第8話:地図にない村
鳴き龍の洞窟まで、あと一日の行程というところで、一行は予期せぬ場所に立ち寄ることになった。
街道を外れた谷間に、地図には記載されていない小さな村があったのだ。
「あれ?こんなところに村があったんですね」
ジルが御者台から首を傾げた。
「地図には載ってませんが……」
ルーカスも魔力投影式地図で確認したが、確かにこの辺りに集落の表示はない。新しい開拓村なのかもしれない。
「補給のために立ち寄りませんか?」
アメリアが提案した。
「食料や水の調達もそうですが、洞窟の現在の状況について、地元の情報を得ることができるかもしれません」
確かに、それは良い考えだった。書物の知識だけでなく、現地の生の情報も重要だ。
「そうしよう」
ルーカスは頷いた。
***
しかし、村に近づくにつれて、ルーカスは違和感を覚えた。
何かがおかしい。
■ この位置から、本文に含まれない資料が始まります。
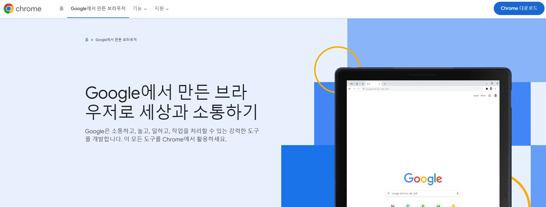 처음 접속한 홈페이지에서, [ Chrome 다운로드 ] 를 클릭해주시면 됩니다.

村には活気がまったく感じられないのだ。
家々は傷み、屋根の茅は色褪せ、あちこちに補修が必要な箇所が見える。畑は痩せ細り、作物もまばらにしか育っていない。人の姿もほとんど見えず、見えても皆うつむき加減で歩いている。
「随分と……寂しい村ですね」
ジルも困惑したように呟いた。
この時代、アストリア大陸の多くの村は、そこそこ豊かで活気があるはずだった。帝国の統治が安定し、街道の整備も進んでいる。特別裕福でなくても、最低限の生活はできているのが普通だ。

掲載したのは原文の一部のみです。